La veía, pero Betsy se daba cuenta de que había dejado de mirarla. Su lenguaje corporal no presagiaba nada bueno. Se agitaba y se ponía cada vez más tenso. Dejó la foto sobre la mesa y cruzó los brazos. Volvió a cogerla.
– ¿Qué cambia esto? -preguntó.
Se puso a parpadear rápidamente, como un niño pequeño cuando no encuentra una palabra especialmente difícil. Verlo así aterrorizó a Betsy. Hacía años que Ron no parpadeaba así. Su suegra le había explicado que Ron había recibido muchas palizas cuando hacía segundo y que se lo había ocultado. Fue entonces cuando empezó el parpadeo. Con la edad había mejorado. Ahora apenas le sucedía. Betsy ni siquiera le había visto parpadear después de enterarse de lo de Spencer.
Ojalá hubiera podido recuperar la foto. Ron había llegado a casa con deseos de conectar con ella y ella le había dado una bofetada.
– No estaba solo aquella noche -dijo ella.
– ¿Y?
– ¿No has oído lo que he dicho?
– Quizá salió primero con sus amigos. ¿Y qué?
– ¿Por qué no han dicho nada?
– ¿Quién sabe? Quizá porque tenían miedo, quizá porque Spencer les pidió que no lo contaran, o quizá, seguramente, te equivocas de día. Quizá los vio sólo un momento y después se fue. Quizá esta foto se sacó ese día, pero mucho antes.
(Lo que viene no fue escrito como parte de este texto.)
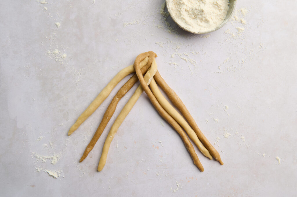 1. Separate 6 strands of dough, with each strand weighing about 10–12 grams. Roll each into a rope about 10–12 inches long.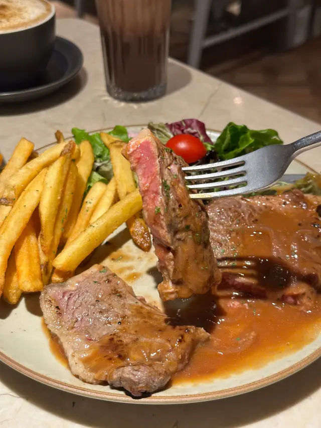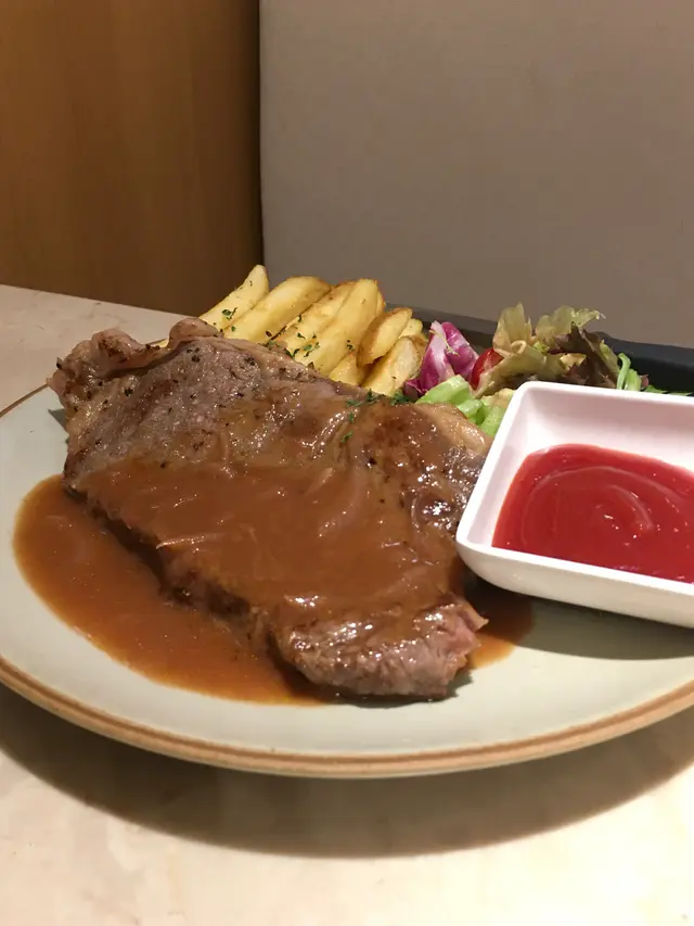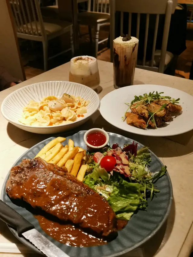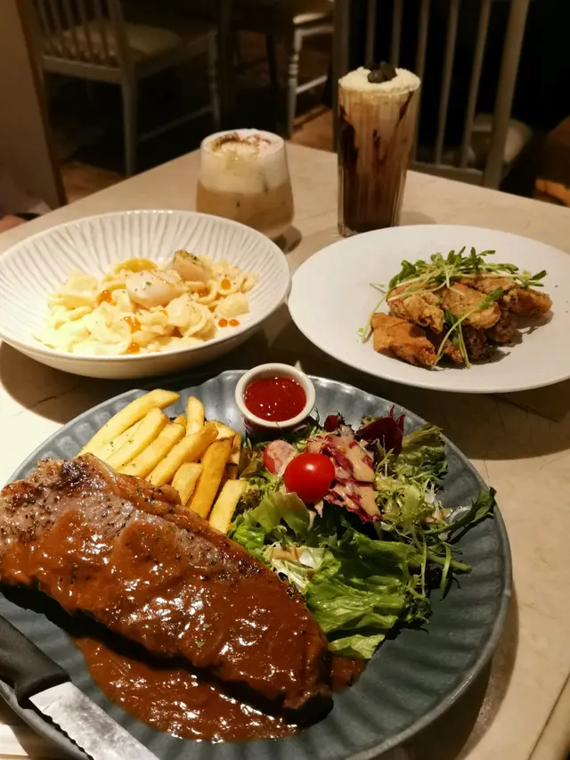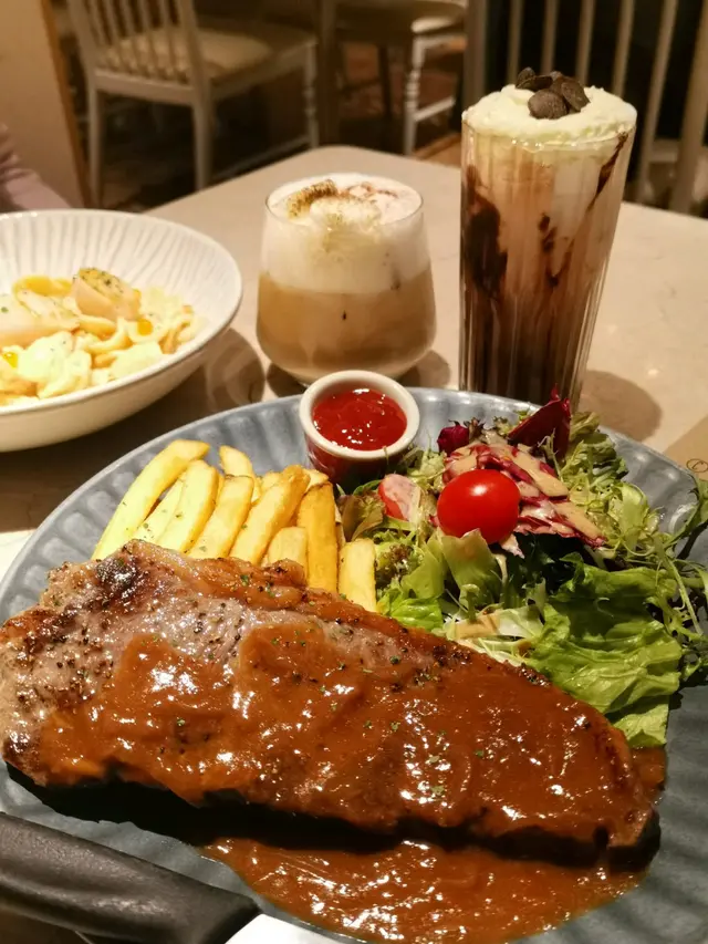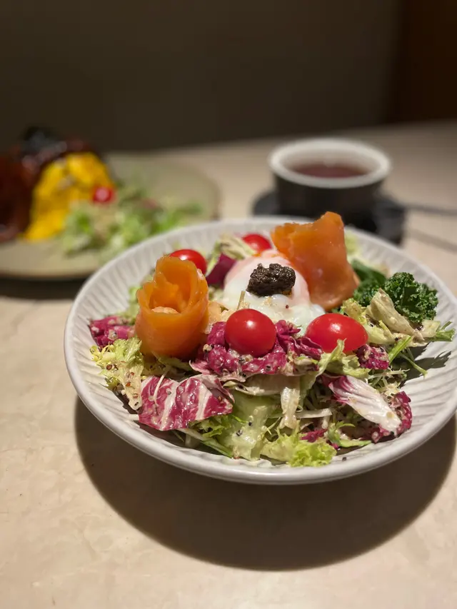 🤸🏼♀️🤸🏼♀️🤸🏼♀️做完運動走到新蒲崗,發掘到一間隱世餐廳!呢間舖頭真係低調到極點,門口連個名都冇,得塊餐牌默默守候,唔留心真係會錯過㗎~餐廳裝修走優雅路線,同外面工廠區嘅環境形成有趣對比。😚坐低後點咗個幾特別嘅「牛肉面意粉」同「是日沙律」,再加杯凍蜜桃茶。先講個是日沙律,新鮮度滿分!羅馬生菜脆卜卜,加埋爆汁番茄仔,配搭芝麻醬汁竟然出奇地夾,清爽開胃。☺️主角牛肉麵意粉有驚喜~牛肉燉得軟腍入味,帶住啲肥美脂肪,入口即化,鍾意食肥肉嘅我真心滿足!🤣意粉硬度煮得剛好,可惜個汁掛粉能力稍嫌不足,感覺似用豆粉水開,味道同質感有少少分離。飲品方面,蜜桃茶揀咗少冰少甜,甜度輕盈,正好解咗牛肉嘅膩感。最後埋單$158,以新蒲崗嚟講算係中上價位💲💲,不過考慮到環境同食物質素,都算合理。如果汁醬方面再改良一下,絕對會再encore!整體評分:🌟🌟🌟 (正常發揮! 價錢調節下,可能會再吸引d) …查看更多

– No. He hablado con Adam Baye en el instituto…
– ¿Que has hecho qué?
– Le he esperado a la salida de clase. Le he enseñado la foto.
Ron meneó la cabeza.
– Ha huido de mí. Está claro que pasa algo.
– ¿Como qué?
– No lo sé. Pero recuerda que Spencer tenía un golpe en el ojo cuando la policía lo encontró.
– Ya nos lo explicaron. Probablemente se desmayó y cayó de bruces.
– O quizá alguien le golpeó.
La voz de Ron bajó de tono.
– Nadie le golpeó, Bets.
Betsy no dijo nada. El parpadeo empeoró. Las lágrimas empezaron a resbalar por las mejillas de Ron. Ella quiso tocarle, pero él se apartó.
– Spencer mezcló pastillas y alcohol. ¿Lo entiendes o no, Betsy?
– No dijo nada.
– Nadie le obligó a robar esa botella de vodka de nuestro armario. Nadie le obligó a tomarse esas pastillas de mi botiquín. Donde yo las había dejado. A la vista de todos. Lo sabes, ¿no? Era mi frasco de pastillas, sí, me lo dejé fuera. Las pastillas que sigo pidiendo que me receten a pesar de que debería haber superado el dolor y dejarlas, ¿no?
– Ron, no es eso…
– ¿No es qué? ¿Te crees que no me doy cuenta?
– ¿De qué te das cuenta? -preguntó. Pero ya lo sabía-. No te culpo, lo juro.
– Sí me culpas.
Ella negó con la cabeza. Pero él ya no lo vio porque se había levantado y había salido por la puerta.